AYER -- Following weeks of negotiations over the town's commuter-rail access dilemma, selectmen have voted to appoint an advisory committee to help with the process.

The group's resolution, sent in an email to the town administrator by resident Harry Zane, is to serve as a "conduit between the BOS, the residents of Ayer and the commuter to provide updates on the status of the project, upcoming deadlines and designs under discussion." The new advisory committee will consist of three volunteer residents.

Residents helped develop a design for the project as part of a parking task force and charette in 2007, the resolution states, but many in the community fear the results of that work are not being considered.

The resolution also argues that residents who have worked to secure funding for the new parking facility "suffer from a lack of transparency and critical updates on the project."

The plans for the parking plan are on hold while the Massachusetts Bay Transportation Authority and private-property owner Phil Berry work out an accessible pedestrian path from the planned parking lot to the commuter-rail station.

Citizens took action when an informal group called the Ayer Rail Station Advocates sent a petition to the MBTA and Massachusetts Department of Transportation Secretary and Chief Executive Officer Richard Davey, urging them to "take prompt action."

Zane explained to selectmen that the idea for an appointed group came from state Sen. Jamie Eldridge and a group that was formed in Acton to respond to similar issues.

Selectman Chairman Christopher Hillman said the group is a great idea.

"The dial's been turned up to about 12 on this recently, and I think this is perfect timing," he said.

The MBTA caught some heat at the last selectmen's meeting for not attending a meeting with representatives from U.S. Rep. Niki Tsongas and other parties to discuss the matter.

But MBTA spokesman Joe Pesaturo later said in an email the MBTA was not invited.

Devens Wastewater Agreement

Selectmen hit a roadblock in attempts to renegotiate a wastewater agreement with MassDevelopment. The agreement that extends through 2021 allows Ayer to dispose of 0.80 million gallons of wastewater per day at the Devens treatment plant.

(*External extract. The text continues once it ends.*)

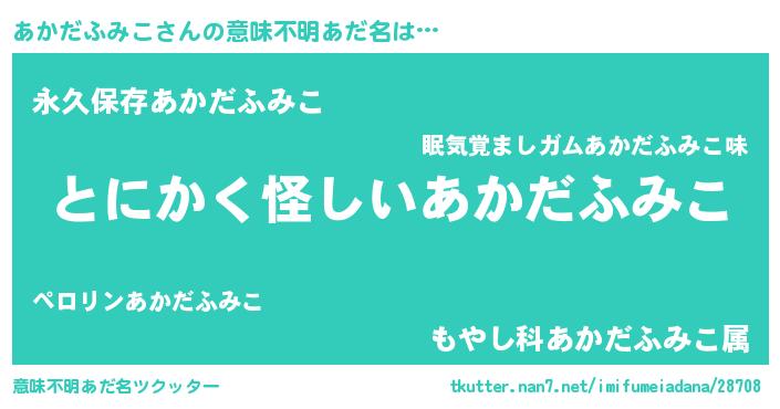 | 女子向けラノベタイトル風あだ名 | 『あかだふみこ様がみてる』 |

In an April letter to MassDevelopment CEO Marty Jones, Town Administrator Robert Pontbriand said the town would like to reduce the overall capacity, for which the town is charged a certain rate. He also asked for the contract to not include a minimum flow, and instead charge the town based on actual flow.

Reporting to selectmen, Department of Public Works Superintendent Mark Wetzel said that MassDevelopment claimed they approached the town in 2006 and asked if Ayer wanted to sell back any of its reserve capacity.

"At that time the town said no," Wetzel said.

Pontbriand noted that at this point, there are no official documents in the selectmen's office that indicate there was an official discussion or action on the matter.

George Ramirez, executive vice president of Devens operations at MassDevelopment, also wrote in a letter to Pontbriand that Ayer's requests would increase Shirley's cost by $13,828 and increase costs for the Massachusetts Correctional Institution in Shirley by $28,534.

"Unfortunately...the financial impact to not only MDFA (Massachusetts Development Finance Agency) but also to our customers including the Town of Shirley and MCI-Shirley would be too great to consider the request at this time," read the letter, obtained from the selectmen's office after the meeting.

The letter explains that since Ayer's then-DPW superintendent Mike Madigan decided not to reduce its capacity, MDFA paid $6.75 million to upgrade the wastewater plant to make room for Bristol Myers-Squibb.

Pontbriand said MassDevelopment's assertion has been referred to town counsel, which is looking at the original 2001 contract between the town and MassDevelopment. The contract, Pontbriand said, is not well written.

"There are no legal mechanisms to trigger openings for renegotiation," he said. "And really, as the superintendent and I have discussed as well as others, we lack a chip in the game as far as the contract is concerned."

Old Groton Road

Wetzel told selectmen that the DPW is starting to work on both ends of Old Groton Road, writing in a memo that there will be some minor stormwater improvements near both Washington Street and Pleasant Street.

But he said he is waiting for town counsel's opinion on whether the road is private before doing any further work on the actual road. If the road is owned by abutters, he explained, it's illegal for the town to spend money to do work on the road.

"As far as doing other work up there, I think number one, we need to get a ruling from town counsel, and number two, we need to go up and figure out where the boundaries are," he said.